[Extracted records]
>>>>
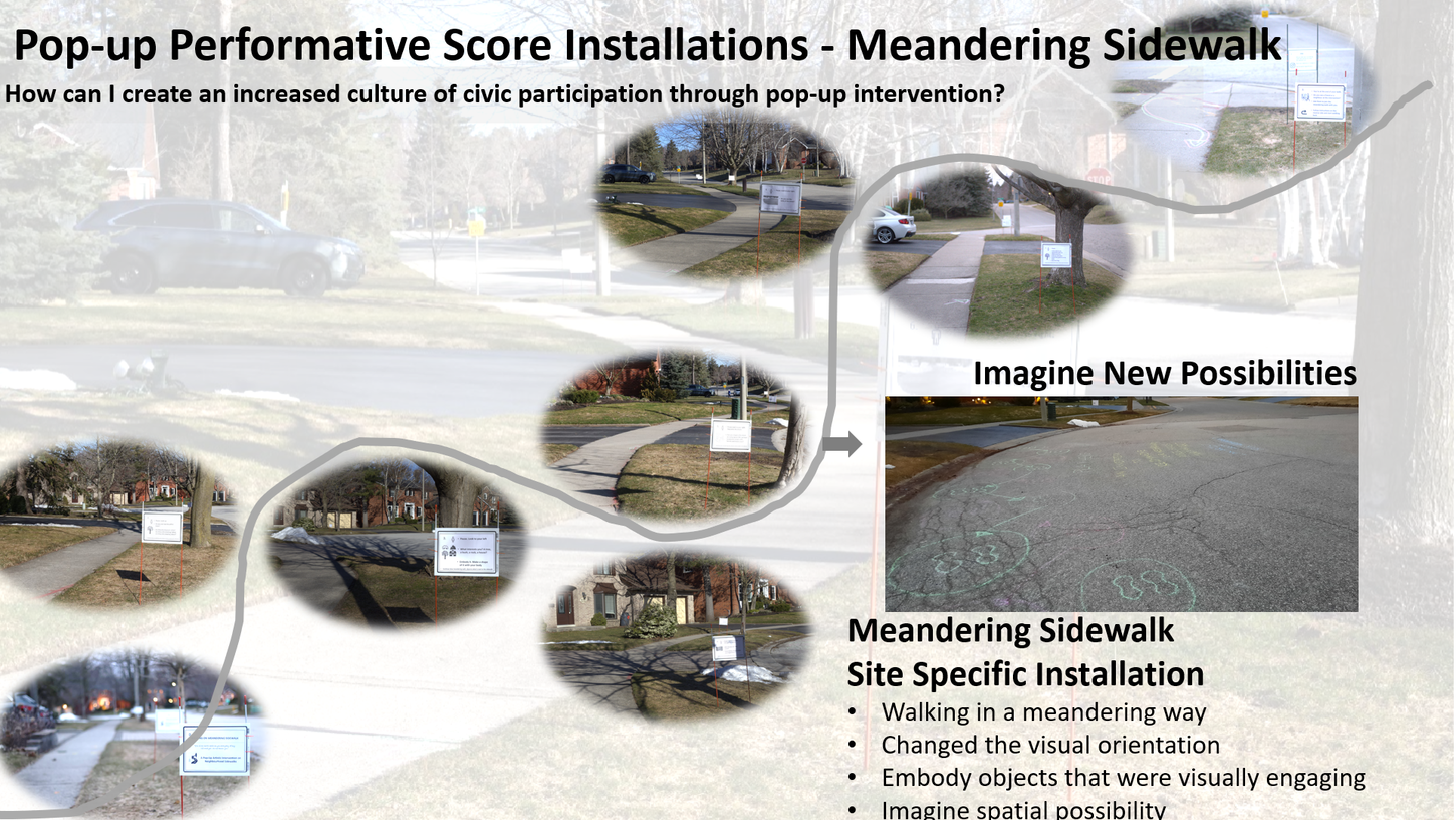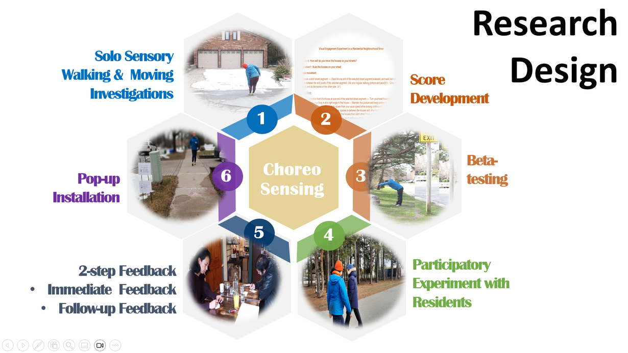 Keywords: residential neighbourhood public spaces, multi-sensory engagement, performative scores, disembodied vision, environmental soundscape, social soundscape, pedestrian movements, postmodern choreography, participatory practice, tactical urbanism, performative score installations, sense of neighbourhood belonging
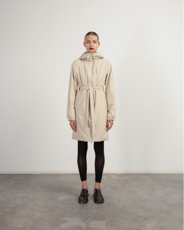 Beige waterproof jacket with light padding and belt. RAINS patch on the left sleeve.
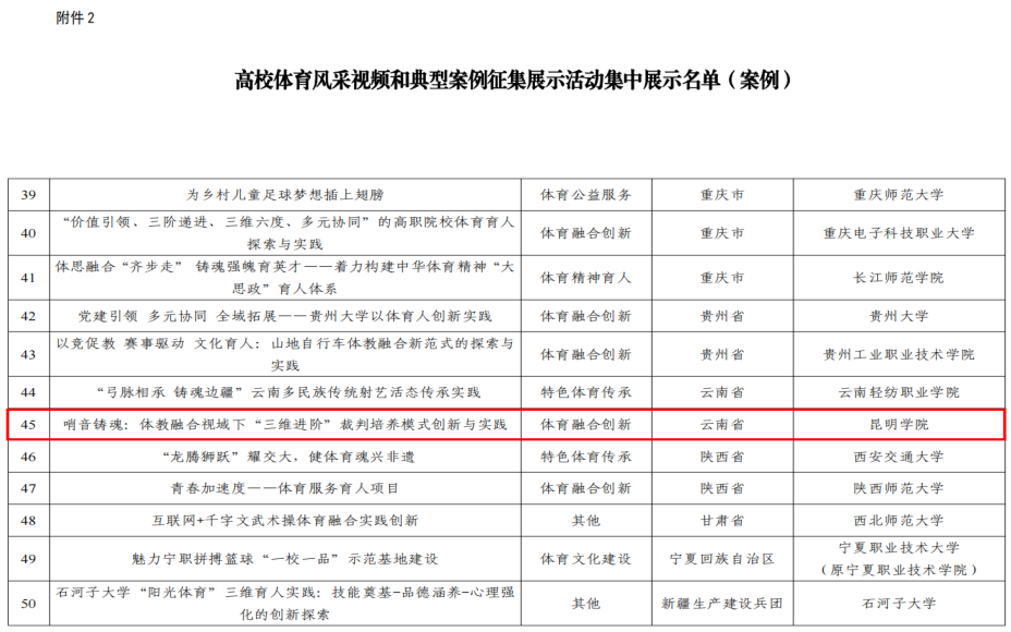 此次入选,既是对beat365体育育人工作的充分肯定,也是对体育学院师生持续探索体教融合路径的积极鼓舞。值得一提的,云南省仅有两项案例入选全国展示,beat365案例位列其中。该作品聚焦体教融合创新课程体系,系统呈现了beat365在体育课程改革与体育精神育人方面的深入探索和阶段性成果,生动展现了昆院师生积极向上、拼搏进取的精神风貌。
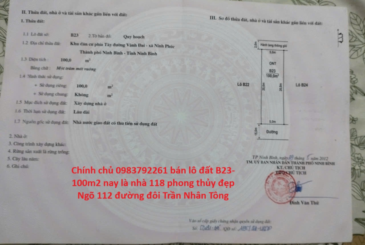 Chính chủ sđt 0983792261 Cần bán lô đất B23 diện tích (5×20=100m2). Hướng Nam Nay là nhà số 118 Số nhà phong thủy đẹp nhất khu vực nhất phát Hưng Thịnh cát tường … Giá khởi điểm 4ty ××× còn thương lượng sâu.. … Muốn có ngôi nhà phong thủy tốt cho vài đời con cháu An khang thịnh vượng hãy xuống tiền mua nhà để ở số nhà phong thủy đẹp nhất. Ngõ 112 đường đôi Trần Nhân Tông sát cạnh khách sạn Yến Ngọc và Thiên Hà đối diện Gobichsi Ninh Bình và công ty HonDa và moto mi subisi và các công ty tập đoàn lớn công nghệ xanh thông minh đang hoạt động. Một lô B23 Duy nhất mở bán nằm kề các tiện ích khác chỉ vài phút.
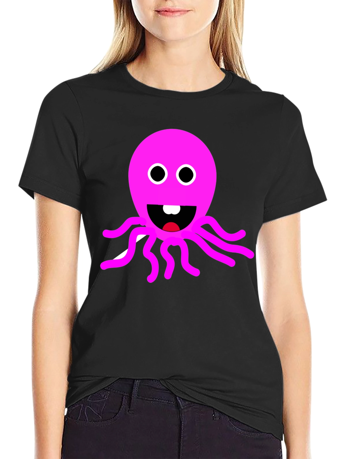 Show off your playful side with this unique black t-shirt featuring a bright pink octopus graphic. This eye-catching design includes a cartoon octopus with a cheerful expression, making it a fun and quirky addition to your wardrobe. The shirt is made of a soft, comfortable fabric, perfect for casual wear, outings with friends, or adding a pop of fun to any outfit. Its relaxed fit makes it ideal for everyday wear, while the durable print ensures the design stays vibrant wash after wash. Stand out from the crowd with this bold, conversation-starting tee!
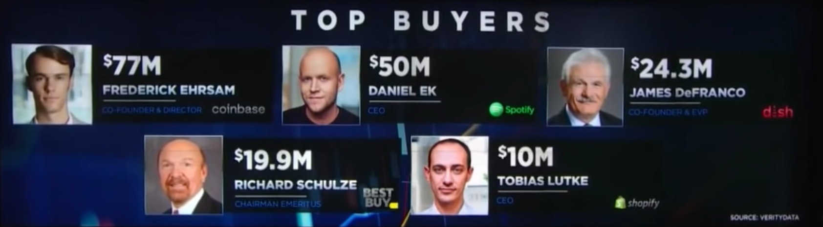 2등은 스포티파이의 CEO로, 5,000만 달러의 주식을 매수했다.
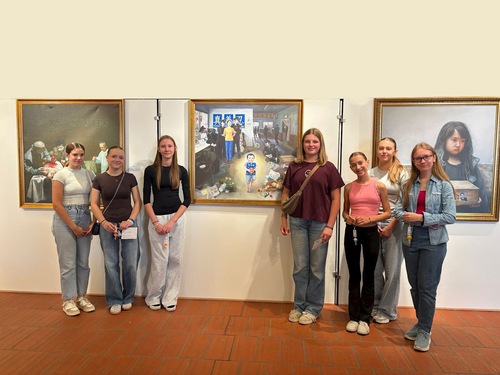 Several students from Donauwörth schools visited the exhibition. They headed straight for the painting “Preserving the Treasure” and had their photo taken.
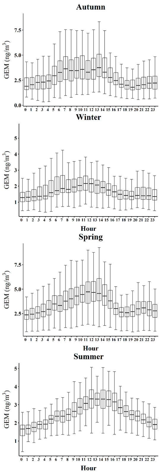 Diurnal variation in GEM (gaseous Hg) levels across seasons: the middle line represents the median, the box edges represent the 25th and 75th percentiles, and the upper and lower whiskers represent the maximum value within Q3 + 1.5 × IQR and the minimum value within Q1 − 1.5 × IQR, respectively. (IQR: interquartile range).
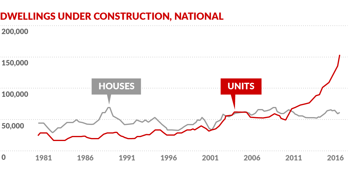 The unit price index (which includes apartments, units and flats) held steady at around 126 per cent in the last 12 months, compared to an 810 basis point increase in the previous 12 months, and 730 points the 12 months before that.
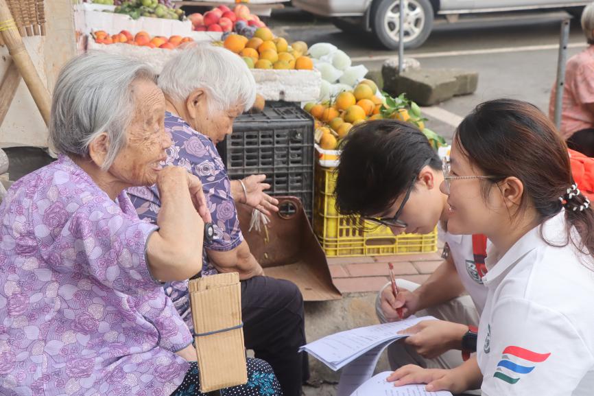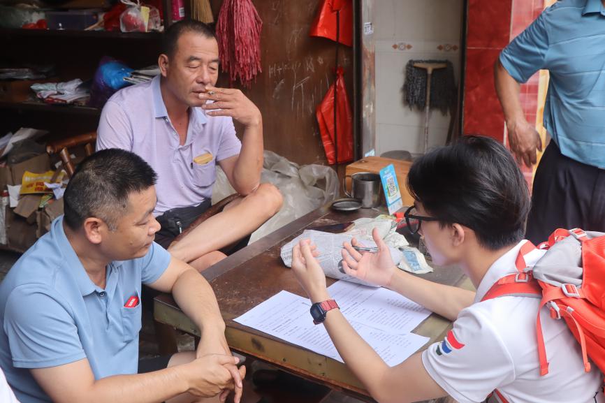 调研过程中,队员们根据受访对象灵活调整方式:对老年人采用口头问答形式完成问卷,年轻人或中年人则邀请其自行填写。摄影组在征得同意后全程记录调研过程。指导老师沈香香全程跟进,及时纠正采访话术,帮助队员们从最初的拘谨逐渐变得自信从容。从上午8点到11点半,两个小组走街串巷,深入了解当地居民对风湿病的认知情况。
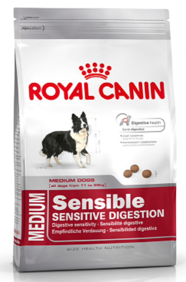 Royal Canin Medium Sensible Digestive - полнорационный сухой корм для взрослых (старше 12 месяцев) и стареющих собак средних размеров (вес собаки от 11 до 25 кг) с повышенной чувствительностью пищеварительной системы.
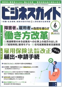 社会保険、税務、人事・労務の実務専門誌「ビジネスガイド」No.855 2018年6月号(日本法令)に、研進の出縄貴史による「在宅就業障害者支援制度 」に関する解説記事(P.19~26)が掲載されました。同誌の「働き方改革/障害者と雇用者の負担を減らす」の特集の中で執筆依頼を頂いたものです。
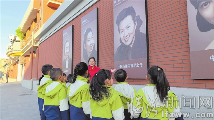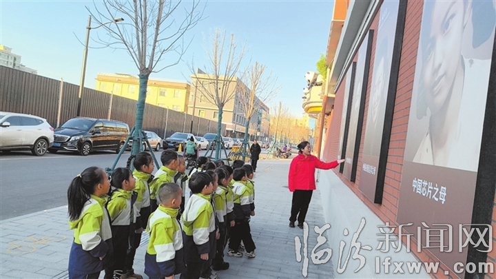 临汾新闻网讯 近日,临汾市幼儿园开展“讲好科学家故事 弘扬科学家精神”主题教育活动,让“科学家精神”的种子在幼儿心中生根发芽。图为1月6日,该园老师正在向幼儿讲述园外文化墙上悬挂的四位女科学家的故事。
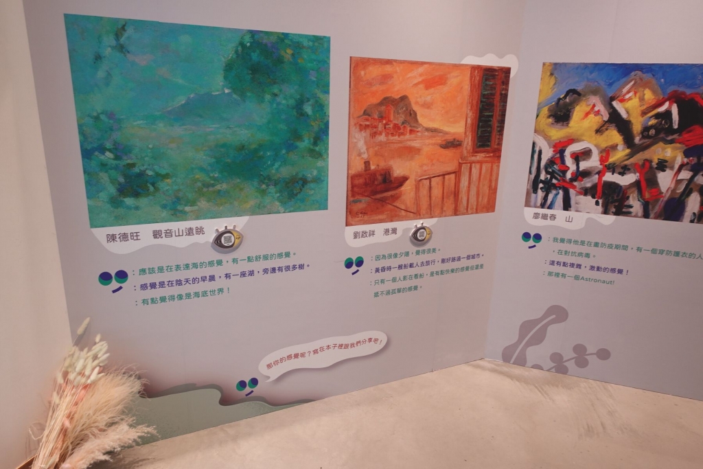 單純的用視覺去引導,除了看圖面上感受,也看小朋友理解程度,或思考與表達,也強調孩子「主體性」以及表達意見的權利。展覽不只是給孩子答案,而是可以去用各種感官去感受、去建構對畫作的感受,並建構對展覽的感知。
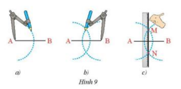 – Hai cung tròn này cắt nhau tại M và N (Hình 9c). Dùng thước vẽ đường thẳng MN. Hãy chứng minh đường thẳng MN chính là đường trung trực của đoạn thẳng AB.
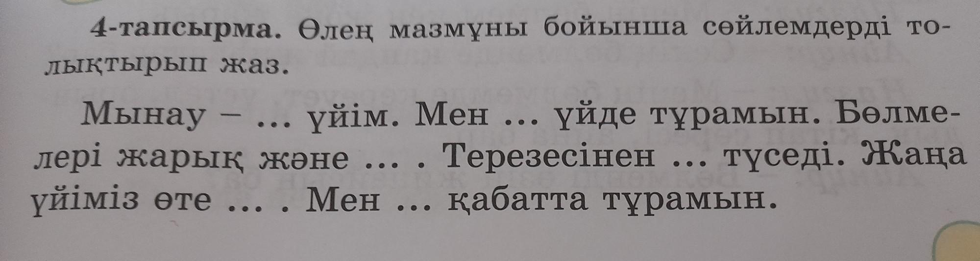 Мынау-менің үйім. Мен бұл үйде тұрамын. Бөлмелері жарық және әдемі. Терезесінен күн түседі. Жаңа үйіміз өте әдемі. Мен ? қабатта тұрамын
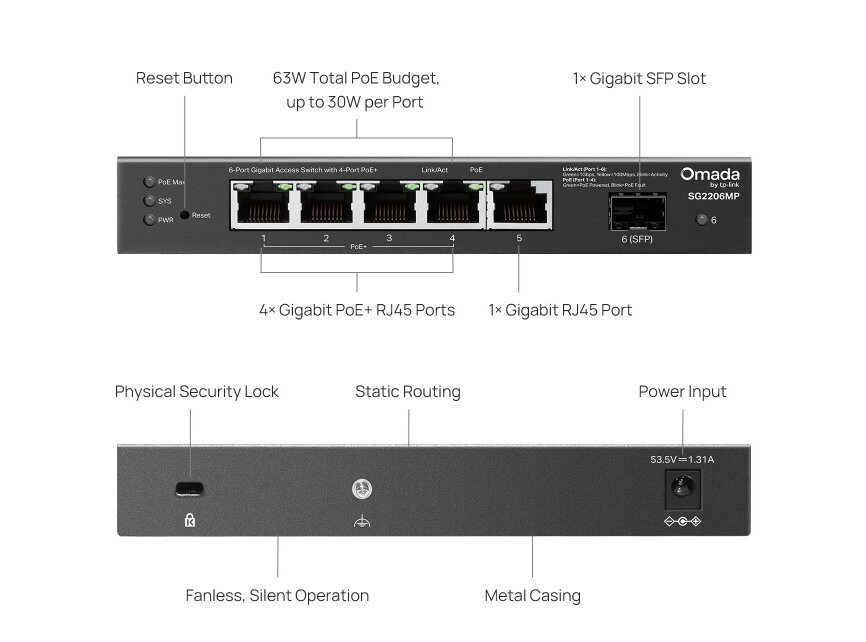 Začněte budovat moderní a výkonnou síť s PoE+ switchem TP-Link SG2206MP, který nabízí 5 gigabitových portů, z toho 4 s PoE+ napájením a jeden SFP slot pro optické připojení. Díky centralizované správě přes platformu Omada SDN jde o ideální volbu pro malé firmy, kanceláře i technicky vyspělé domácnosti.
<<<<
EXERCISE
In the copy, leave out all pictures, and retype exactly each line from the one with "đoạn thẳng AB." through the last line of the entries.

RESULT OF THIS EXERCISE
 – Hai cung tròn này cắt nhau tại M và N (Hình 9c). Dùng thước vẽ đường thẳng MN. Hãy chứng minh đường thẳng MN chính là đường trung trực của đoạn thẳng AB.
 Мынау-менің үйім. Мен бұл үйде тұрамын. Бөлмелері жарық және әдемі. Терезесінен күн түседі. Жаңа үйіміз өте әдемі. Мен ? қабатта тұрамын
 Začněte budovat moderní a výkonnou síť s PoE+ switchem TP-Link SG2206MP, který nabízí 5 gigabitových portů, z toho 4 s PoE+ napájením a jeden SFP slot pro optické připojení. Díky centralizované správě přes platformu Omada SDN jde o ideální volbu pro malé firmy, kanceláře i technicky vyspělé domácnosti.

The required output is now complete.